Abstract

Membrane fusion of microsomes with soybean phospholipid vesicles was performed at pH 6.5 to investigate the effect of lipid-enrichment in the membrane on the rotational mobility of cytochrome P450. Rotational diffusion of cytochrome P450 in the microsomal membrane of phenobarbital-induced rabbit liver was measured by detecting the decay of absorption anisotropy after photolysis of the heme CO complex by a vertically polarized laser flash. The fusion procedures yielded three separate fractions upon sucrose density gradient centrifugation with lipid-to-protein ratio in weight (L/P) as follows: 1.5 in the bottom fraction, 2.2 in the middle fraction, and 3.9 in the top fraction. In each fraction, co-existence of mobile and immobile cytochrome P450 was observed. The percentage of rotationally mobile P450 (with the mean rotational relaxation time of φ=505–828 μs) in each of the different bands was found to be 59% in the bottom fraction, 61% in the middle fraction, and 68% in the top fraction. This increase in mobile population of P450 due to lipid-enrichment indicates that aggregated proteins in microsomal membranes dissociate with increasing L/P which is inversely proportional to the protein concentration in the membrane.
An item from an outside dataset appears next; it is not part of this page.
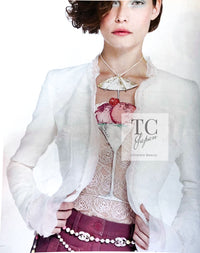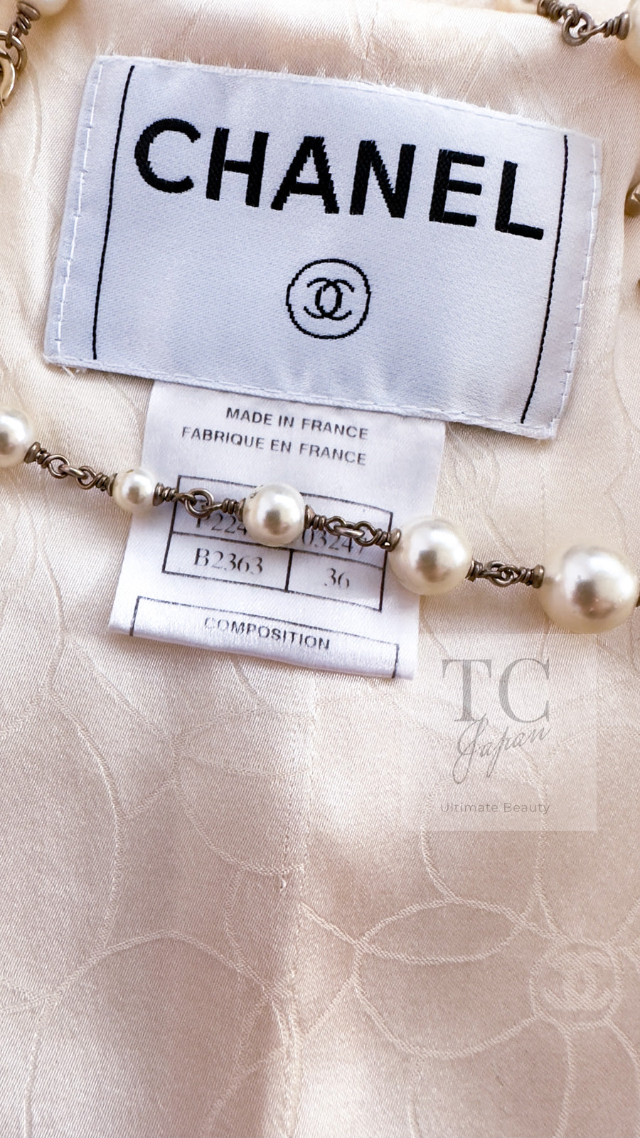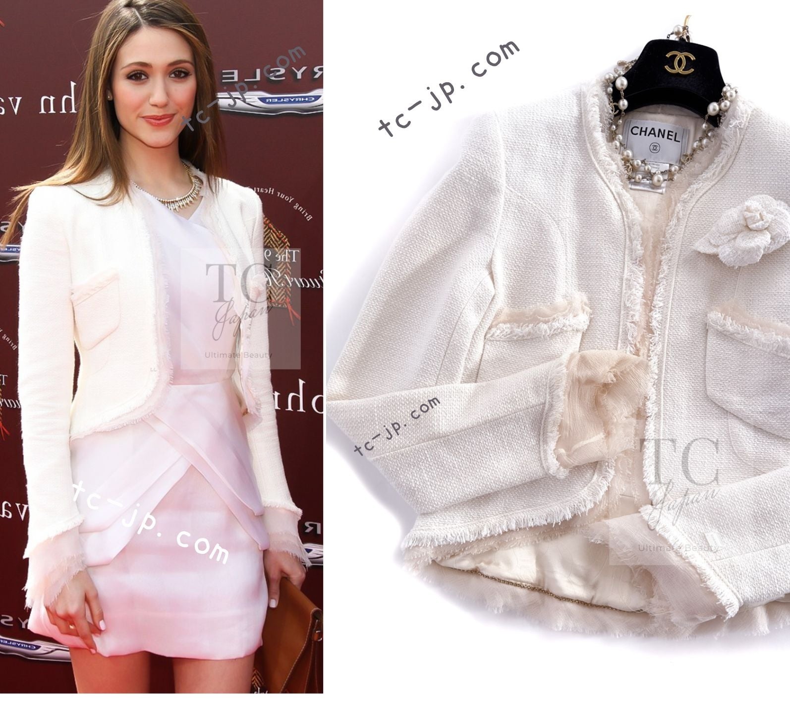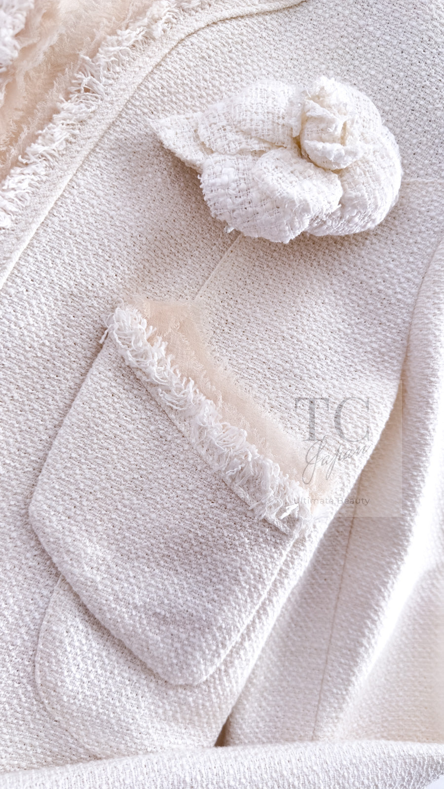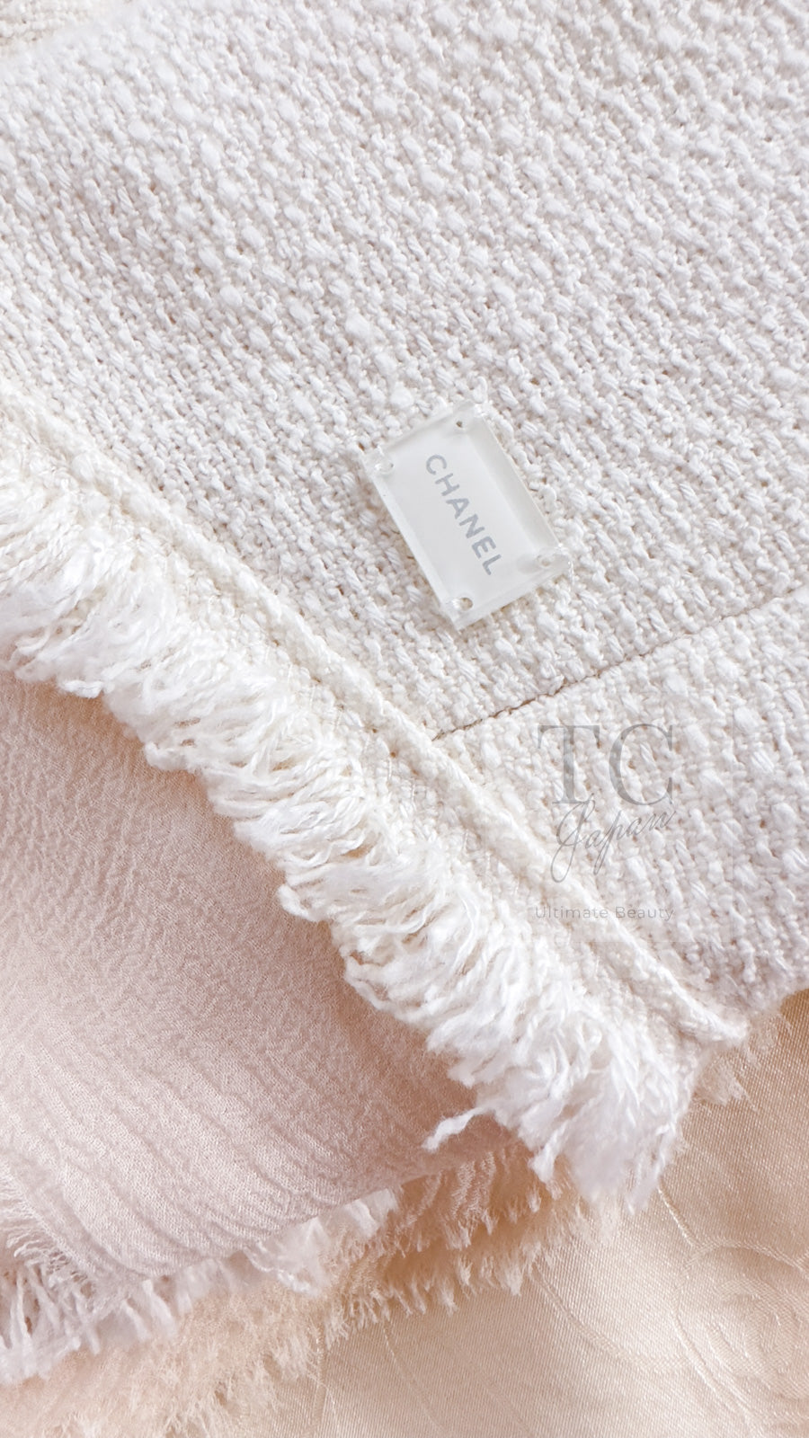 CHANEL 04C Ivory Cotton Frill Tweed Jacket 36 シャネル アイボリー コットン フリル ツイード ジャケット 即発
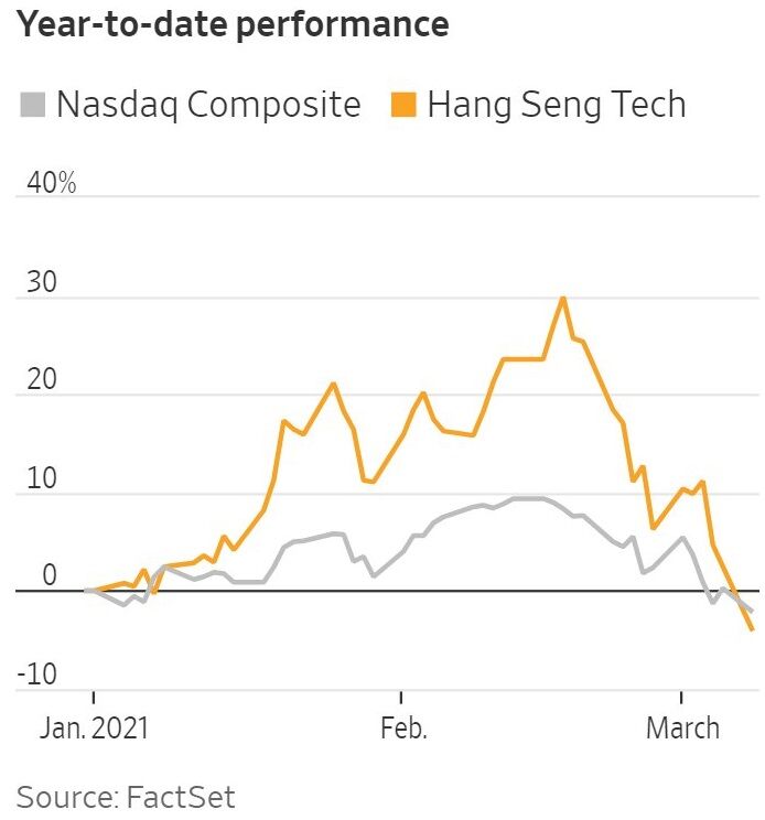 年初からナスダック以上の騰勢を見せていた香港上場の中国テックがクラッシュしている。ナスダックの高ベータ版といえばそれまでだが、年初はすべてに楽観的になった米国投資家から海外の株を買い漁る動きがあり、中国本土からも香港株を買い漁る動きが続いたが、旧正月休み前後にこの動きは反転した。後者に関しては香港で印紙税が導入されるとのヘッドラインがきっかけになった。

With freeze-fracture electron microscopy, it was shown that the average distance increased between intramembrane particles by lipid-enrichment. Thus, the significant immobile population (32%) of P450 in microsomal membranes can be explained by nonspecific protein aggregation which is a consequence of the low L/P of 0.8. The decrease in the mobile population in the bottom fraction compared with intact microsomes was shown to be due to the pH 6.5 incubation used for fusion.